Fighting back tears today, Weatherhead-Saul recounted her harrowing experience aboard the NJ Transit train.
HOBOKEN -- Jamie Weatherhead-Saul had just sent a text message as her train was pulling into the Hoboken terminal this morning. The Wood-Ridge resident was standing near the train car's door preparing to disembark -- a standard practice for rail riders as a locomotive begins to slow down.
It never did.
Fighting back tears at times, Weatherhead-Saul recounted her harrowing experience aboard the NJ Transit train that crashed into the Hoboken terminal at around 8:45 a.m., killing one and leaving more than 100 injured.
"Just a second before I was texting...It just happened. It was a second's notice and everybody was just on the ground screaming," the crash survivor said from the corner of River Street and Newark Avenue.
"In that moment, that was life or death," Weatherhead-Saul added. "There was no indication of whether the train was going to actually stop."
Gov. Chris Christie said this afternoon the train was traveling at a high rate of speed when it crashed, killing a 34-year-old woman from Hoboken.
In the minutes that followed the horrific accident, police and first responders began diverting hundreds of commuters away from the normally-busy transportation hub.
A police officer stationed at the intersection of First and Hudson streets took to a megaphone at 9 a.m. and announced there had been a "mass casualty incident" at the terminal and directed all foot traffic to Washington Street.
With sirens blaring, emergency service vehicles raced down Washington Street, passing hundreds of onlookers suddenly scrambling for alternative means into Manhattan. Meanwhile, dozens of commuters -- seemingly all of them looking down at their cell phones -- waited in line at the corner of First Street for bus service to Manhattan.

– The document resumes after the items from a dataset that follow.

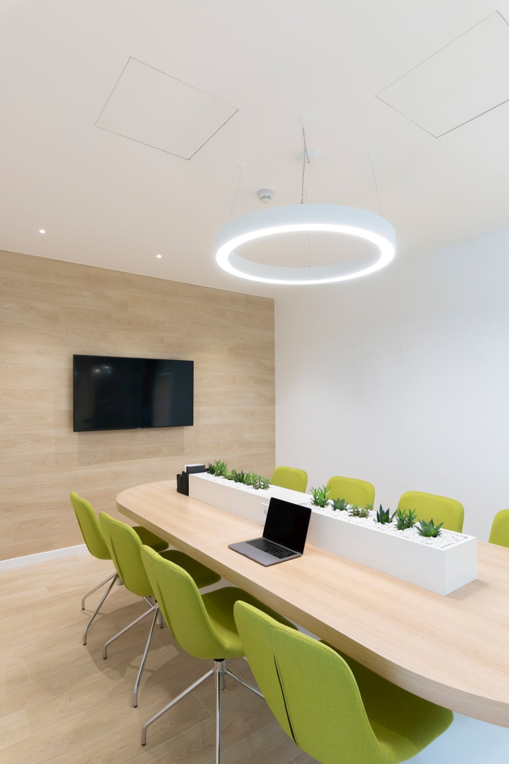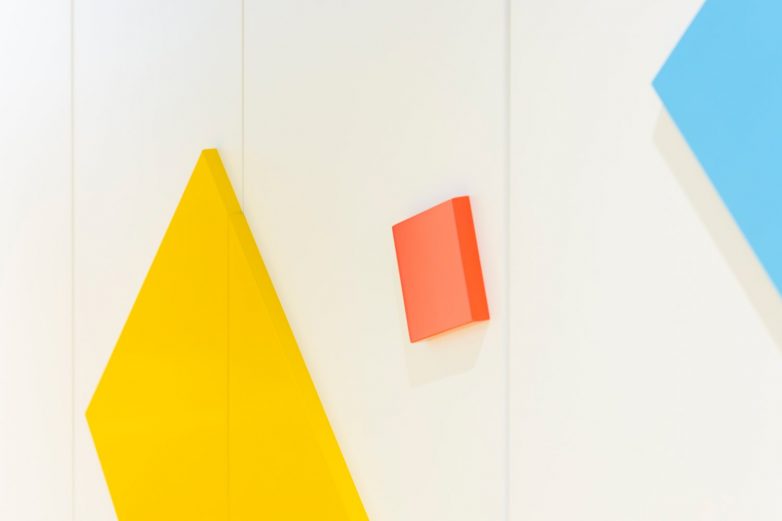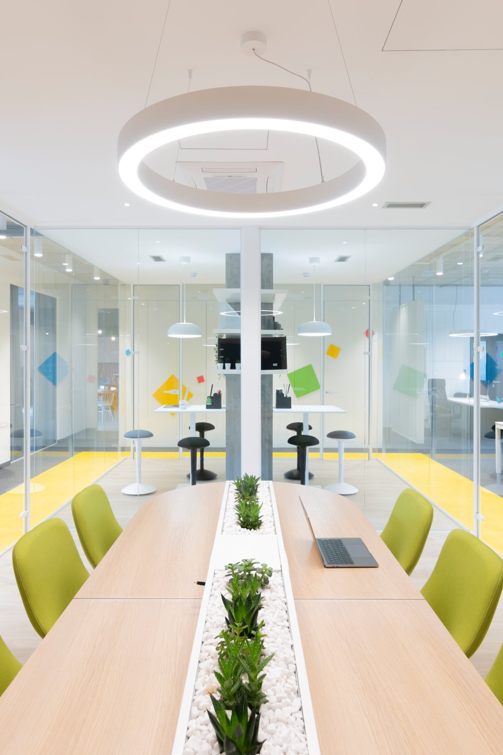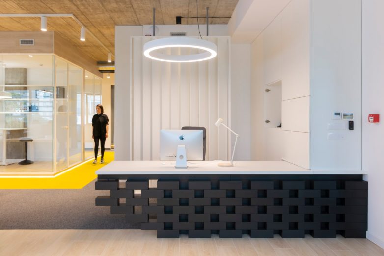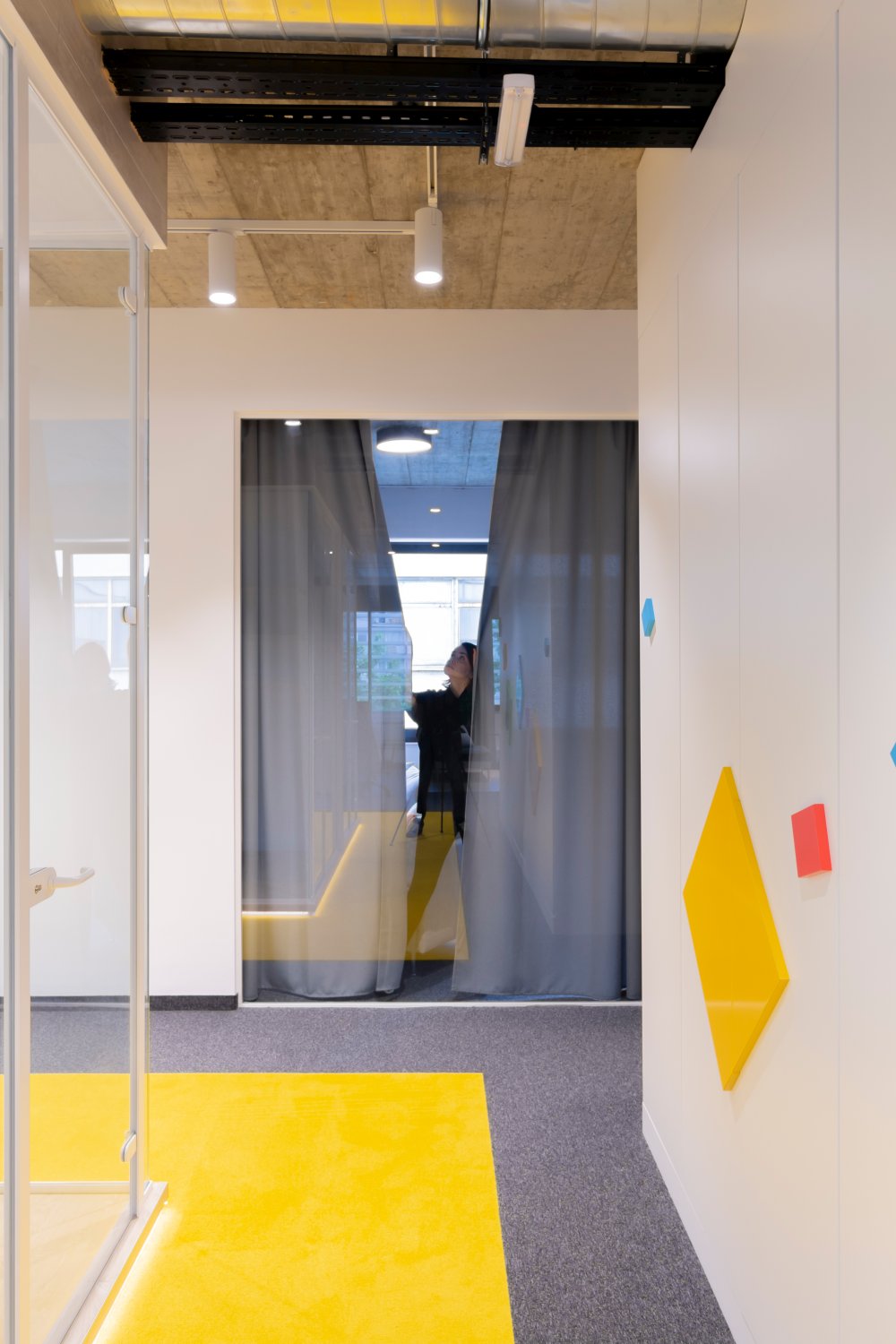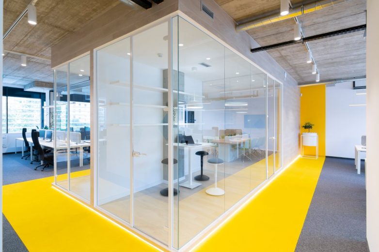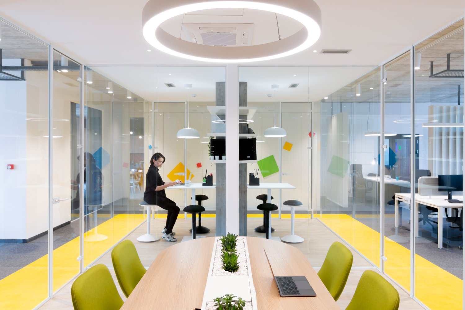 Zidovi su obloženi laminatom u teksturi drveta, pod je izdignut deset centimetara i istaknut LED trakom kako bi izgledao kao da ceo prostor lebdi. Konferencijske sale dodatno su akcentovane žutim itisonima i trakama na zidovima koje uokviruju ovu celinu.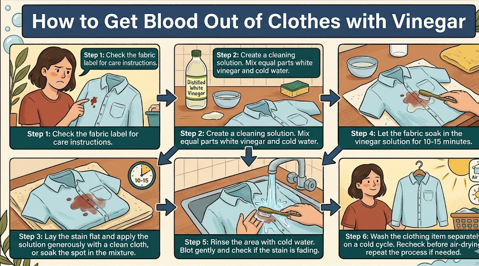 Vinegar works by breaking down the proteins in the blood, making it easier to remove. It is also safe for most fabrics, making it a popular choice for household stain removal.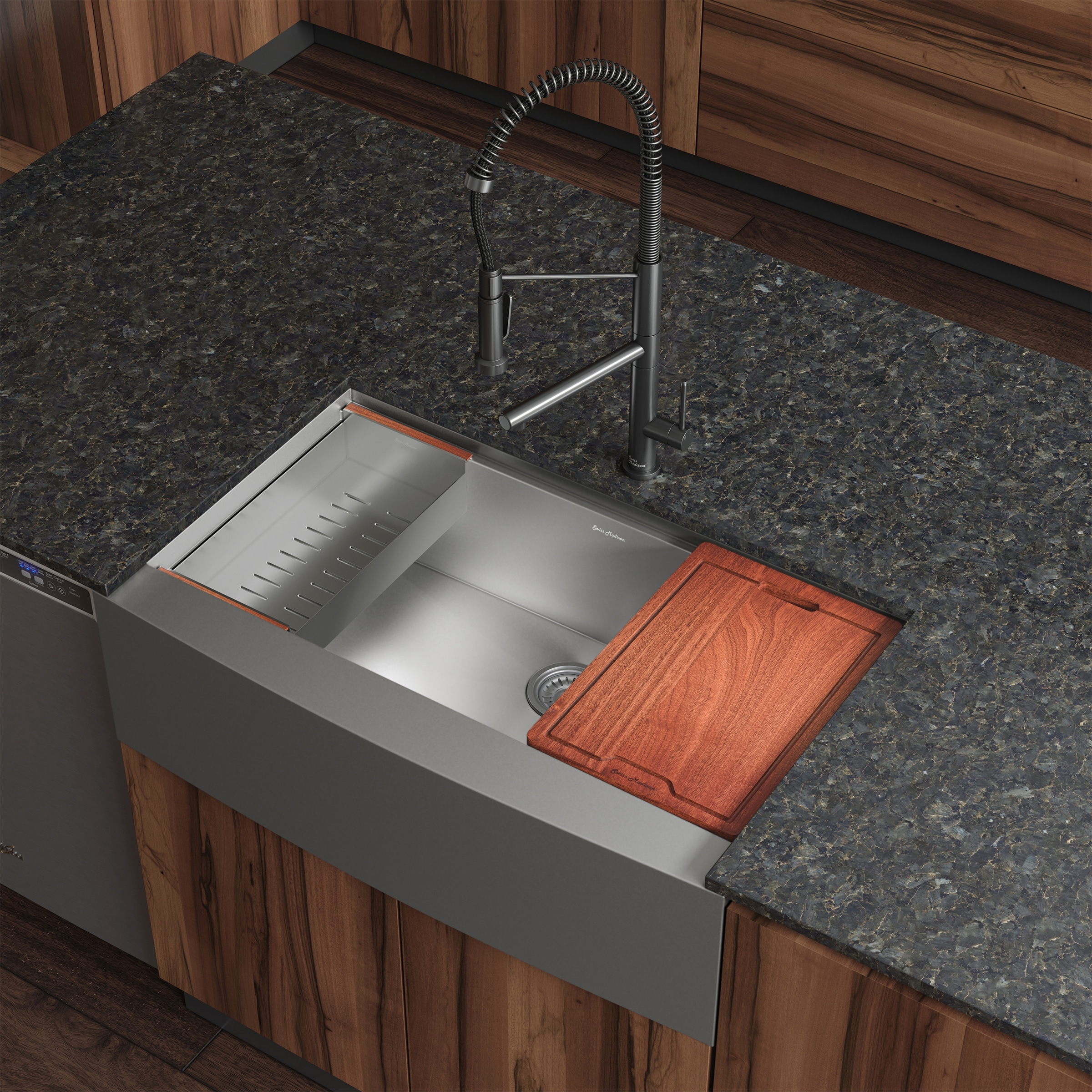 KRAUS Kore Workstation Farmhouse Apron Stainless Steel Kitchen Sink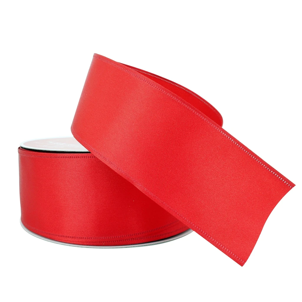 Give your Christmas gifts and craft projects a lovely bit of holiday charm with this wired red satin ribbon from Celebrate It. Use to embellish ornaments, pair with lights and greenery to create festive garlands and wreaths, dress up floral arrangements, put the finishing touch on presents and more!
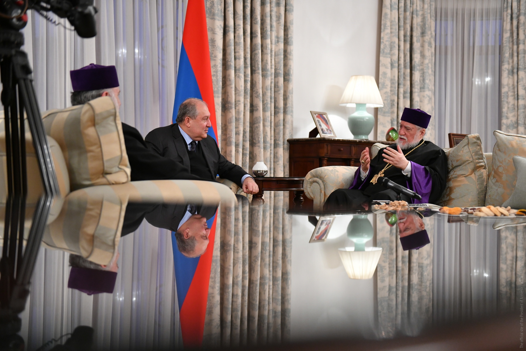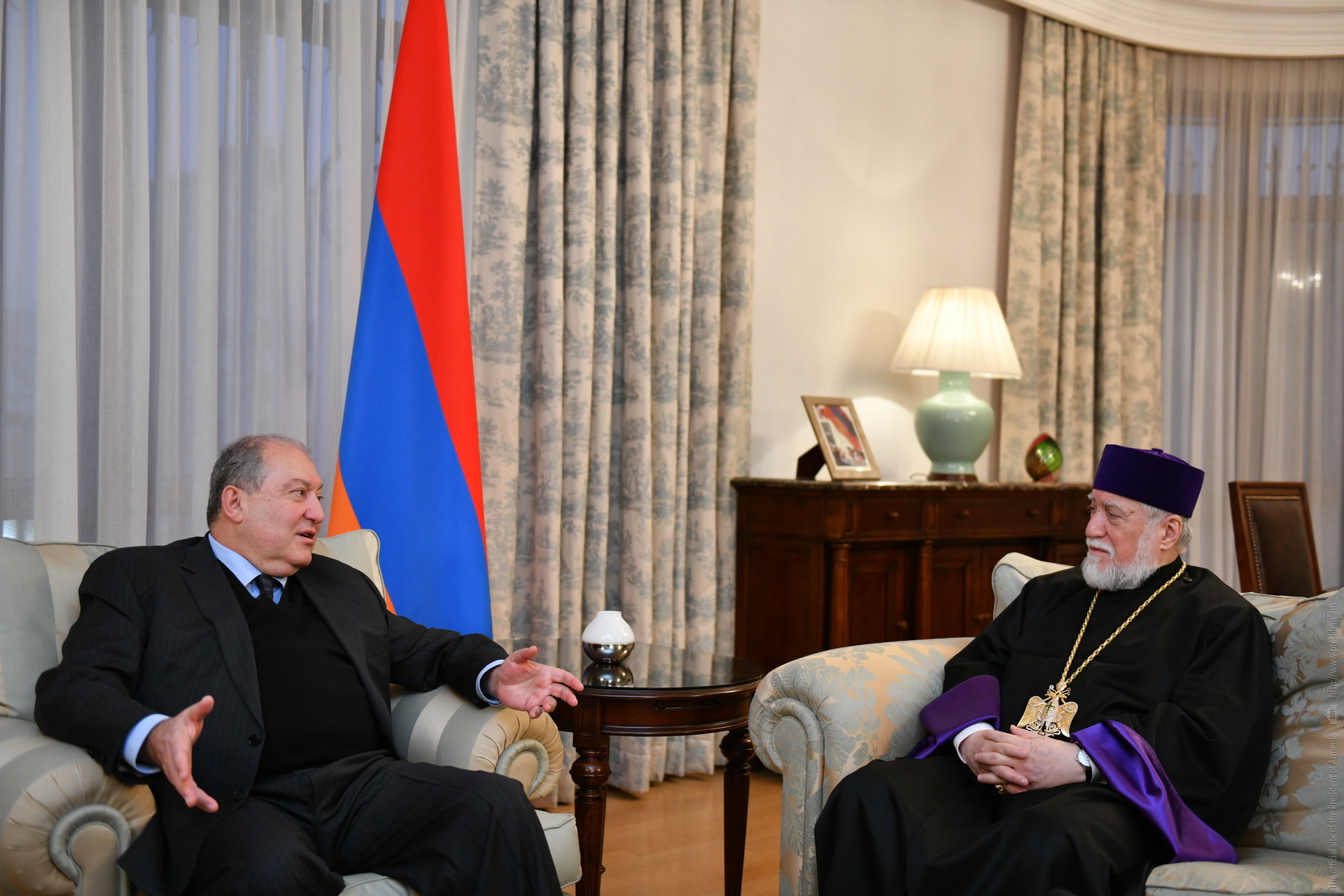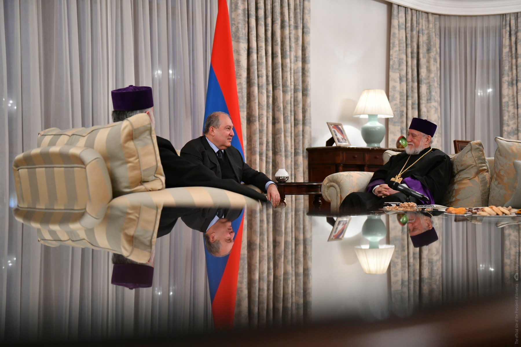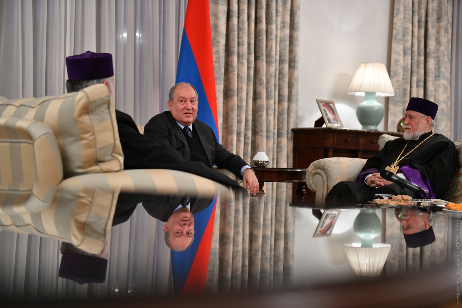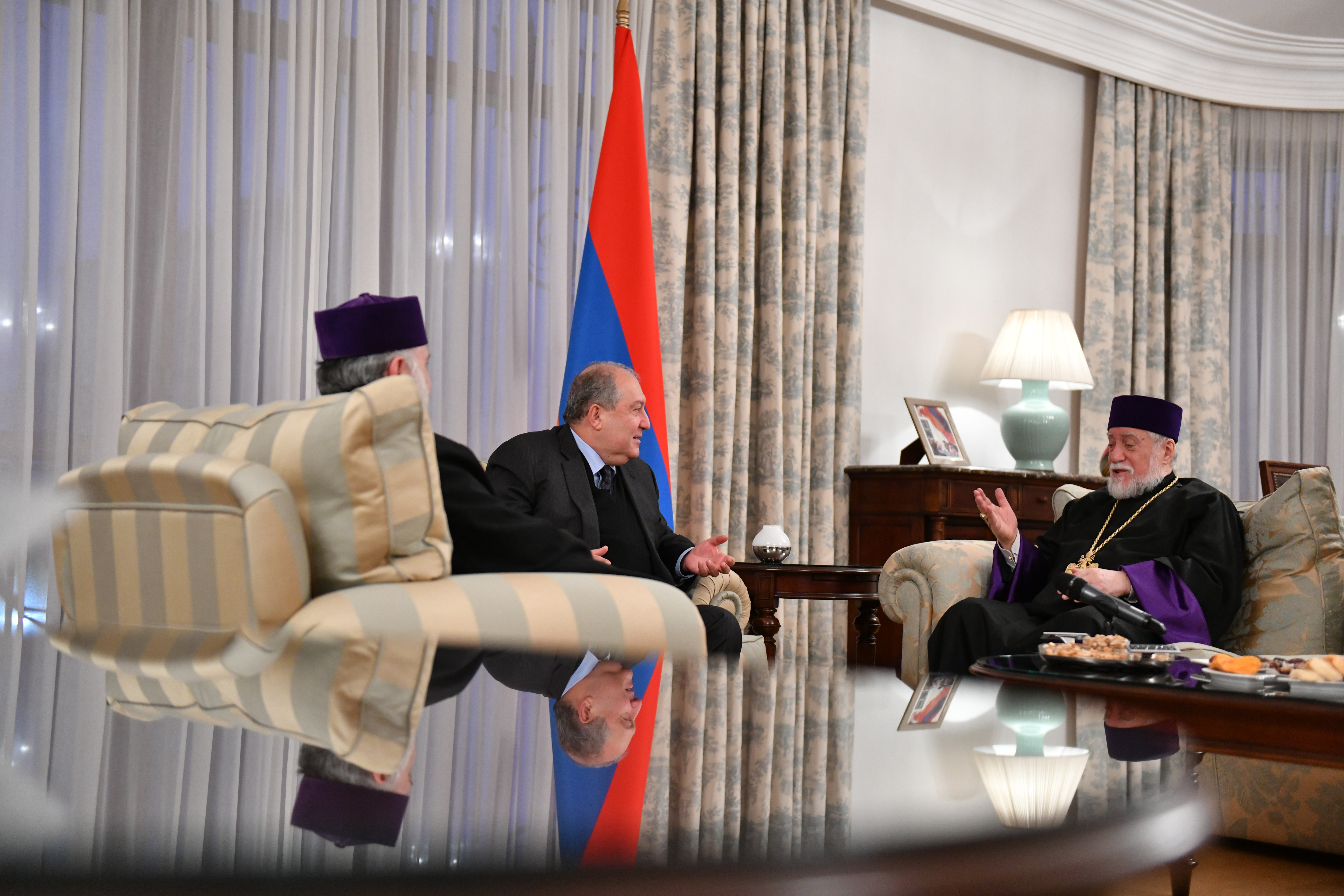 President Armen Sarkissian hosted today His Holiness Catholicos of All Armenians Garegin II and His Holiness Catholicos of the Great House of Cilicia Aram I.

Back at River Street and Newark Avenue, a shaken Weatherhead-Saul painted a descriptive picture of the scene inside an "extremely packed" train car after it crashed into the station.
"I guess the train conductor himself, his face was covered in blood. There were people whose faces were sliced opened, eyes swollen, gashes to their face. A lot of twisted knees or ankles. My biggest fear was that someone was dead in the front, but it looked like everyone managed to get or get some kind of help. A lot of the injuries were bloody - just bleeding.
"I'm just shaken," she added. "I got some pain from the impact, but nothing in comparison to what people are probably feeling."